Destas três coisas, a que foi colocada em primeiro lugar, isto é, a necessidade de ensinar, é constituída pelas coisas que
dizemos, as outras duas pelo modo como as dizemos.
Introdução ao Método Teológico - 51
Quem, portanto, se esforça no falar em persuadir o que é bom, não despreze nenhuma destas coisas: ensine, deleite e
submeta, orando e agindo para que seja ouvido inteligentemente, de boa vontade e obedientemente. Se assim o fizer,
ainda que o assentimento do ouvinte não o siga, se o fizer apropriada e convenientemente, não sem mérito poderá ser
dito eloquente.

O mesmo Agostinho parece ter querido que ao ensino, ao deleite e à submissão também pertençam outras três coisas, ao
dizer, de modo semelhante:

Será eloqüente aquele que puder dizer o pequeno com humildade, o moderado com moderação, o grande com elevação.
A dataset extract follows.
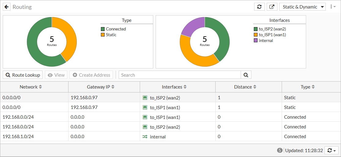 Go to Dashboard > Network and expand the Static & Dynamic widget to review all static and dynamic routes. For more information about the widget, see Static & Dynamic Routing monitor.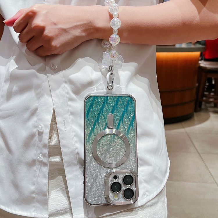 Funda para Teléfono TPU Magsafe iPhone 12 Pro Max Diseño Hojas de Amor Purpurina (Verde)

Quem deseja conhecer e ensinar aprenda, portanto, quanto há para se ensinar e adquira a faculdade de dizê-las como
convém a um homem de Igreja. Quem, na verdade, querendo ensinar, às vezes não é entendido, não julgue ainda ter dito
o que deseja àquele a quem quer ensinar, porque, mesmo que tenha dito o que ele próprio entendeu, ainda não foi
considerado como tendo-o dito àquele por quem não foi entendido. Se, porém, foi entendido, de qualquer modo que o
tenha dito, o disse.

Deve, portanto, o doutor das divinas Escrituras ser defensor da reta fé, debelador do erro, e ensinar o bem; e neste
trabalho de pregação conciliar os adversos, levantar os indolentes, declarar aos ignorantes o que devem agir e o que
devem esperar. Onde tiver encontrado, ou ele próprio os tiver feito, homens benévolos, atentos e dóceis, há de completar
o restante conforme a causa o exija. Se os que ouvem devem ser ensinados, seja-o feito por meio de narração; se,
todavia, necessitar que aquilo de que trata seja claramente conhecido, para que as coisas que são duvidosas se tornem
certas, raciocine através dos documentos utilizados.